In [12]:
from torch.nn.utils.rnn import pad_sequence
from torch.utils.data import DataLoader
import pickle as pkl

# load tokenized dataset

In [4]:
dataset_dir_path = '../../data/processed/tokenized_data/'
with open(dataset_dir_path + 'train_data.pkl', 'rb') as f:
    tokenized_train_data = pkl.load(f)

with open(dataset_dir_path + 'valid_data.pkl', 'rb') as f:
    tokenized_valid_data = pkl.load(f)

In [5]:
print(f'Input(de) {tokenized_train_data[0][0]}')
print(f'Output(en) {tokenized_train_data[0][1]}')

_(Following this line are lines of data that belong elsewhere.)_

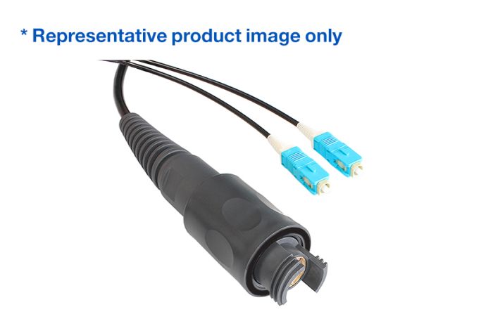 - A Terminated Plug Connector with a 2-Channel OM3 Outdoor Tactical Cable that breaks out in 2 independent cables (0.5m long) with SC Terminations - 25m Long Cable Assembly
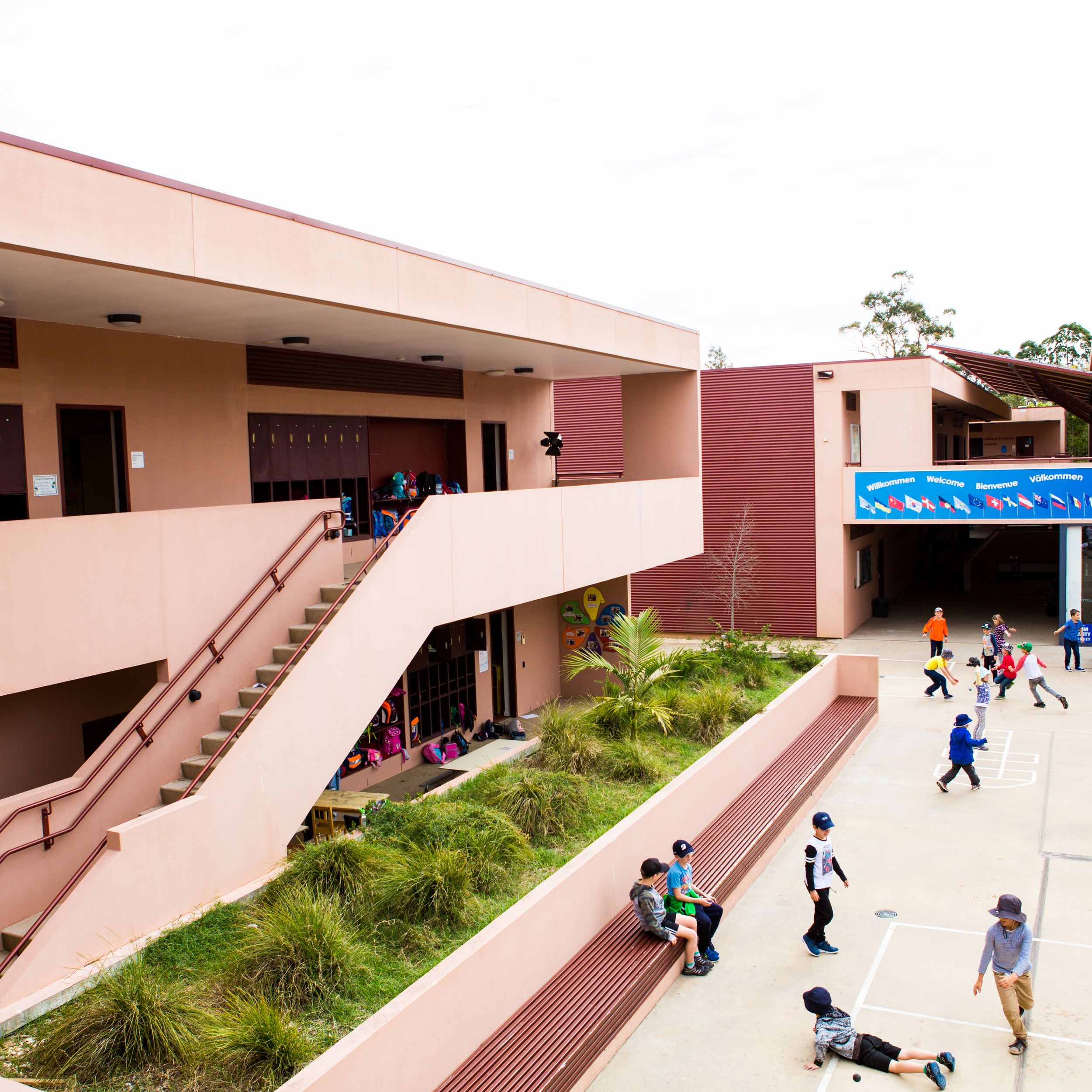 Der Schulcampus besteht aus derzeit 10 Gebäuden, die sich auf mehreren Ebenen dem natürlichen Verlauf des 16,200m2 großen Geländes anpassen.
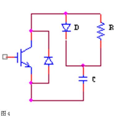 為了使IGBT關斷過電壓能得到有效的抑制并減少關斷損耗,需要給IGBT主電路設置關斷緩沖吸收電路。IGBT的關斷緩沖吸收電路分為充放電型和放電阻止型,從吸收過電壓的能力上來說,充放電型效果較好,所以可在弧焊逆變電源中的IGBT過壓保護緩沖電路可采用圖4所示緩沖吸收電路:
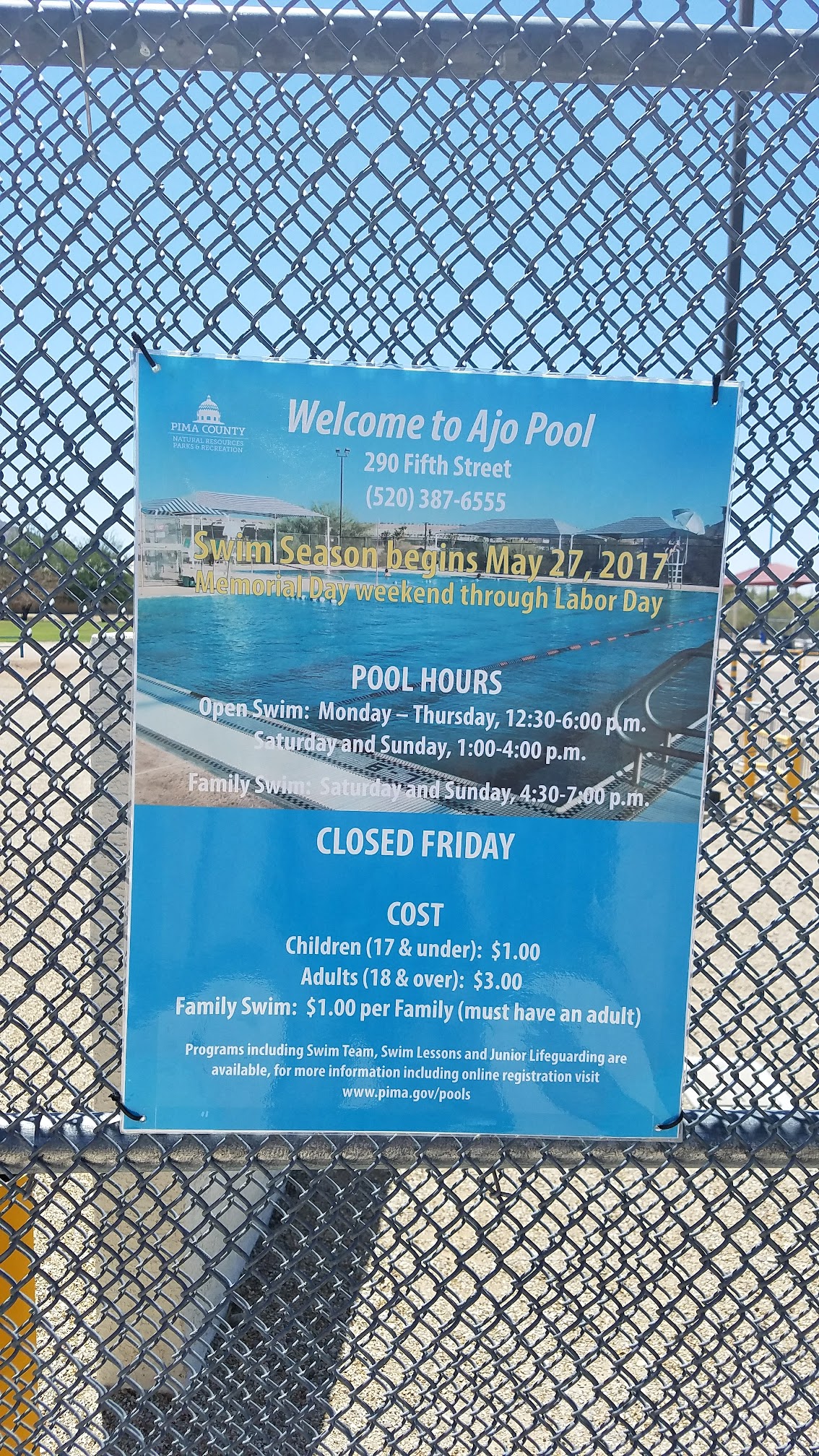 Your chances of finding this pool open are less than winning the lottery. It stands as a fine monument of government incompetence.
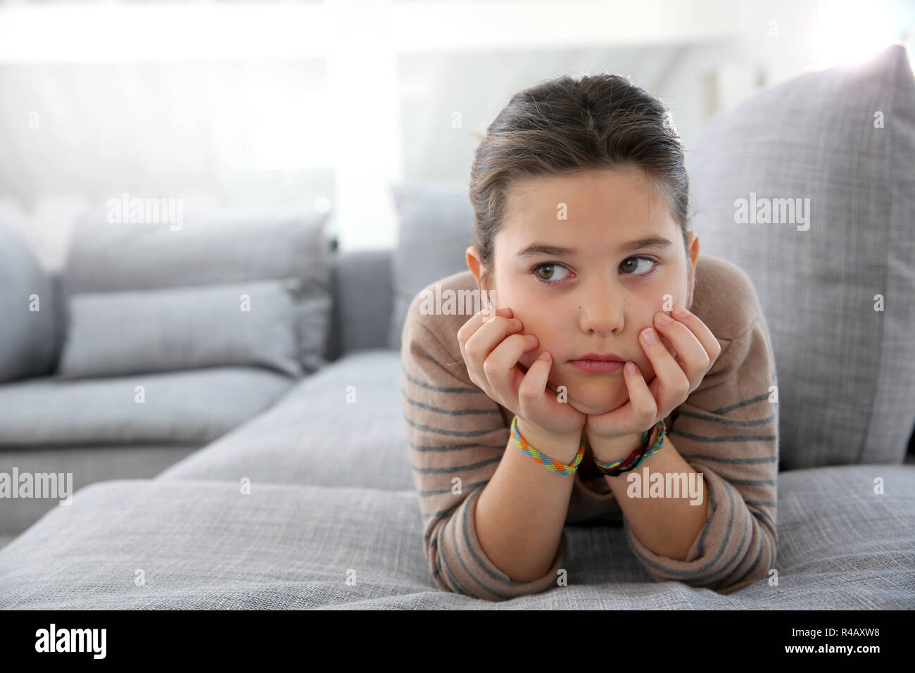 Portrait Of Sad Little Girl Laying On Couch Stock Photo 165240996
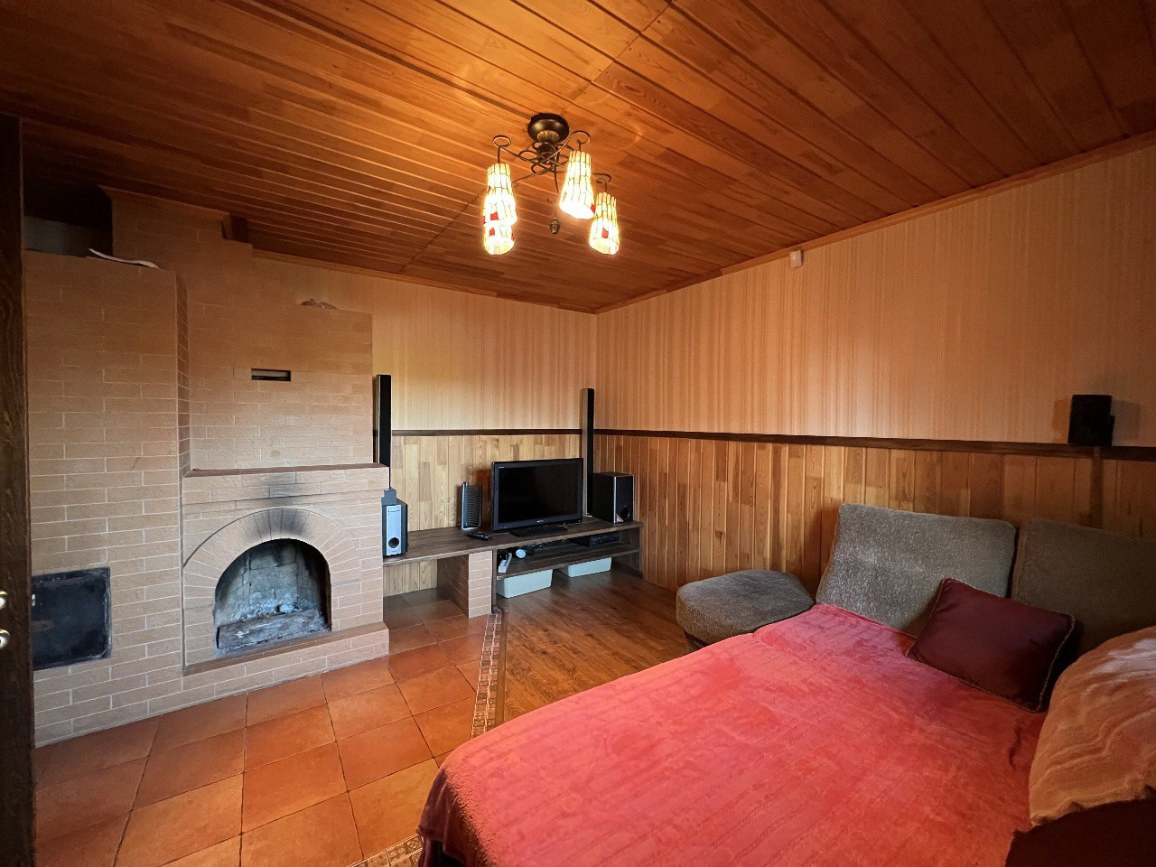 - отопление - печь с камином, электроконвекторы, тёплый пол;
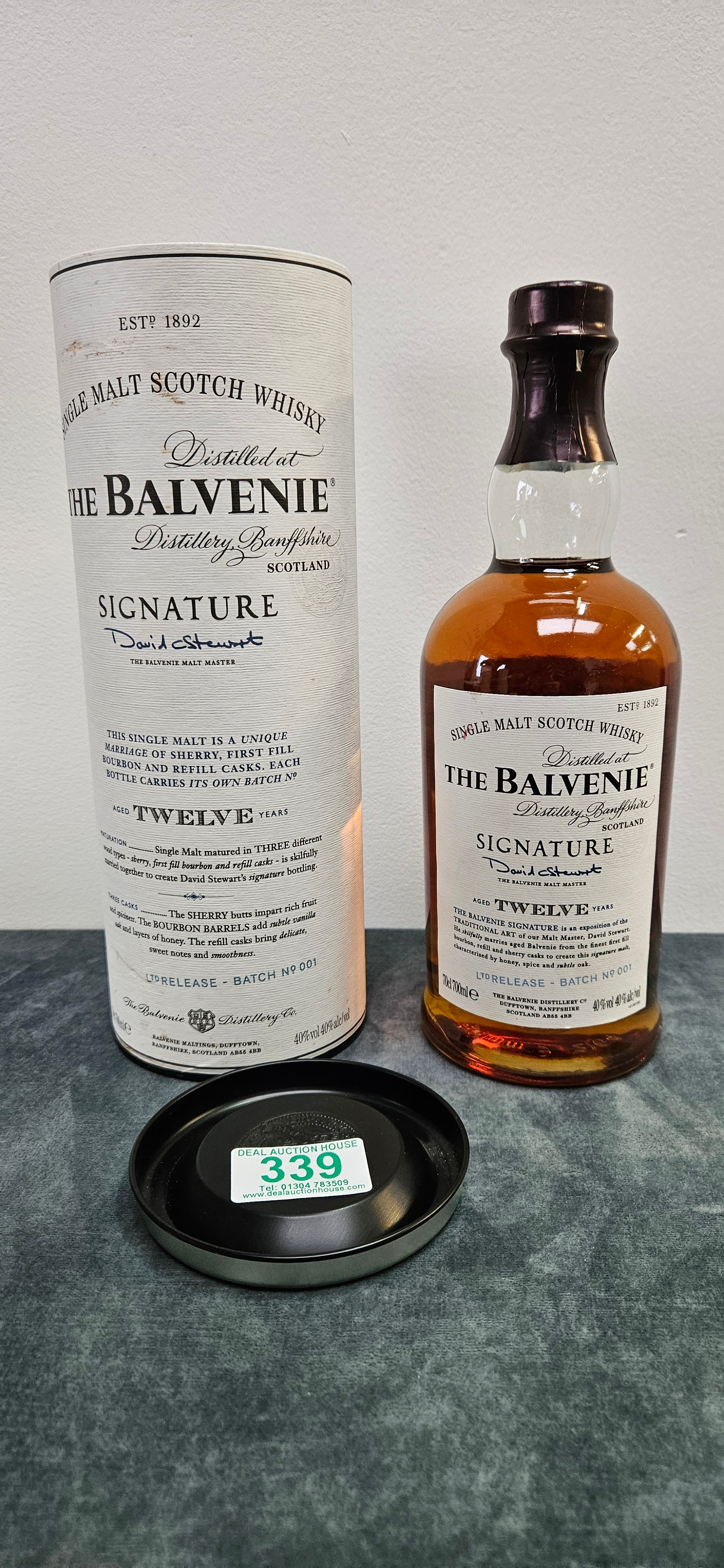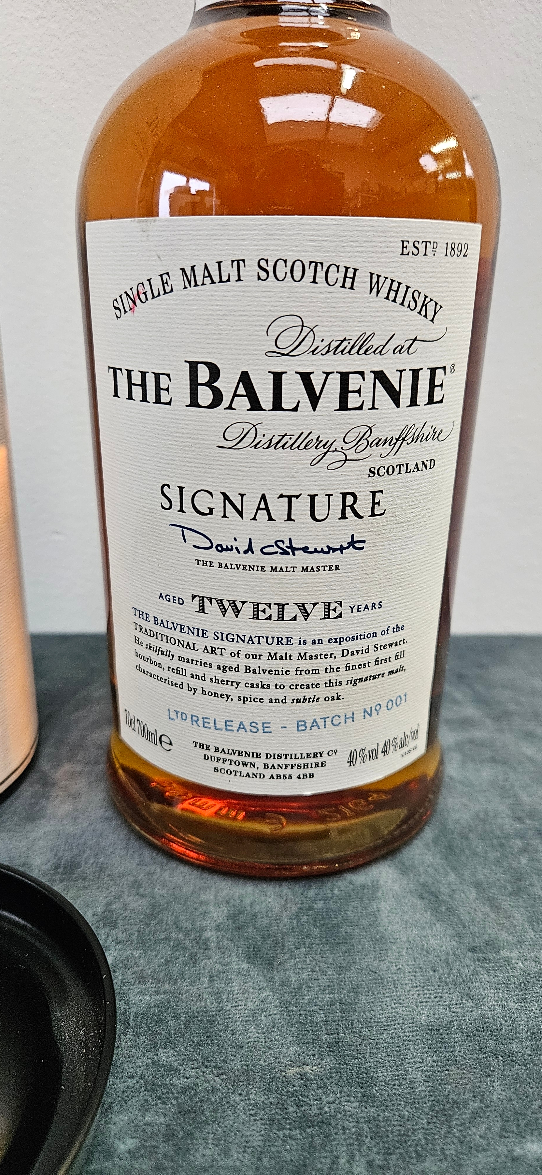 The Balvenie 12 Year Old Signature Limited Batch Release No. 001 single malt Scotch whisky.
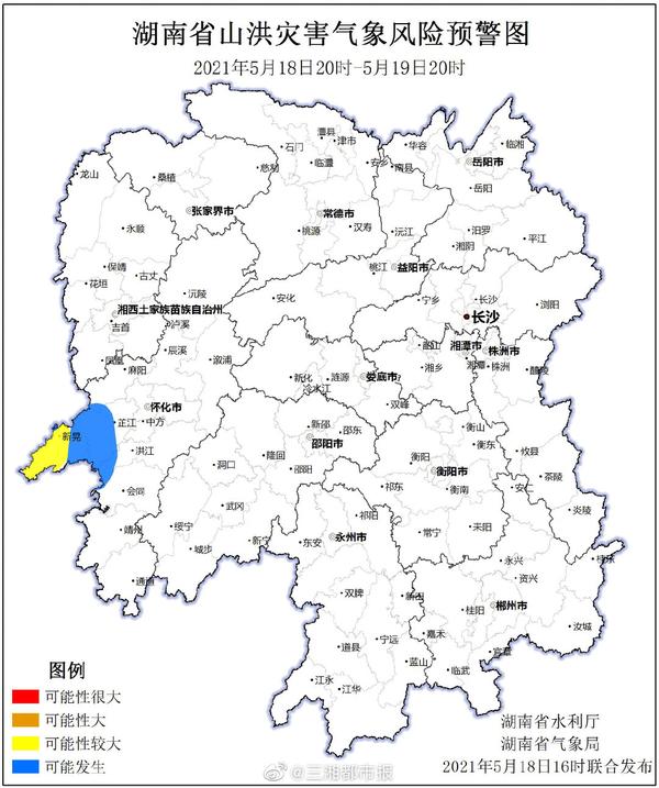 益阳市、岳阳市南部、常德市南部、湘西州南部、怀化市北部累计降雨量将超过10mm。
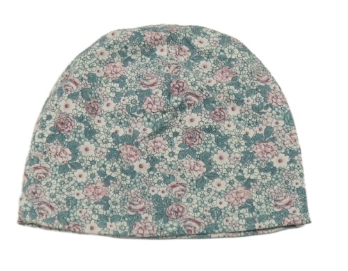 Smetanovo-zeleno-růžová květovaná bavlněná čepice Topomini
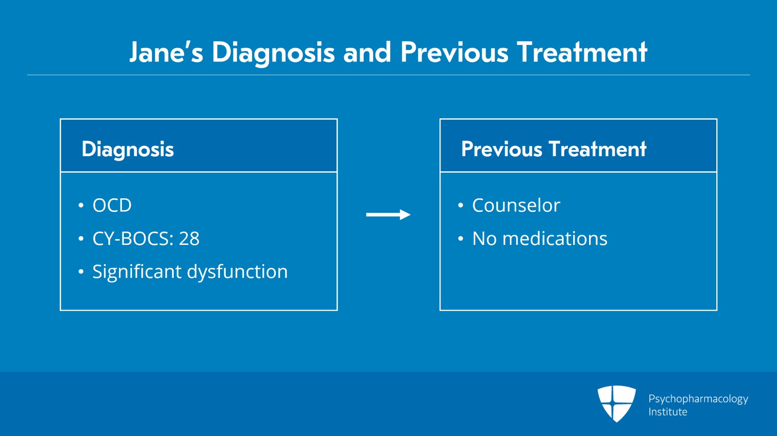 She was diagnosed with obsessive-compulsive disorder. The Children’s Yale-Brown Obsessive-Compulsive Disorder Scale, CY-BOCS rating was 28. The scale ranges from 0 to 40 with scores over 12 being considered clinically significant and scores of 20 and above representing significant dysfunction. Jane had seen a counselor previously but had received no medication for her symptoms. This had not resulted in relief of her symptoms. 6

Input(de) tensor([   2,   21,   85,  256,   31,   86,   22,   93,    7,   16,  114, 5645,
        3245,    3])
Output(en) tensor([   2,   19,   25,   15, 1197,  817,   17,   58,   84,  332, 1319,    3])


# load vocab

In [6]:
vocab_dir_path = '../../data/processed/vocab/'

with open(vocab_dir_path + 'token2idx_de.pkl', 'rb') as f:
    token2idx_de= pkl.load(f)
with open(vocab_dir_path + 'token2idx_en.pkl', 'rb') as f:
    token2idx_en = pkl.load(f)
with open(vocab_dir_path + 'idx2token_de.pkl', 'rb') as f:
    idx2token_de = pkl.load(f)
with open(vocab_dir_path + 'idx2token_en.pkl', 'rb') as f:
    idx2token_en = pkl.load(f)

# making the batch

In [7]:
batch_size = 128
PAD_INDEX = token2idx_de['<pad>']
START_INDEX = token2idx_en['<start>']
END_INDEX = token2idx_en['<end>']

In [8]:
print(f'PAD_INDEX: {PAD_INDEX}')
print(f'START_INDEX: {START_INDEX}')
print(f'END_INDEX: {END_INDEX}')

PAD_INDEX: 1
START_INDEX: 2
END_INDEX: 3


In [9]:
def generate_batch(data_batch):
    batch_src = []
    batch_tgt = []
    for src, tgt in data_batch:
        batch_src.append(src)
        batch_tgt.append(tgt)
    
    batch_src = pad_sequence(batch_src, padding_value=PAD_INDEX)
    batch_tgt = pad_sequence(batch_tgt, padding_value=PAD_INDEX)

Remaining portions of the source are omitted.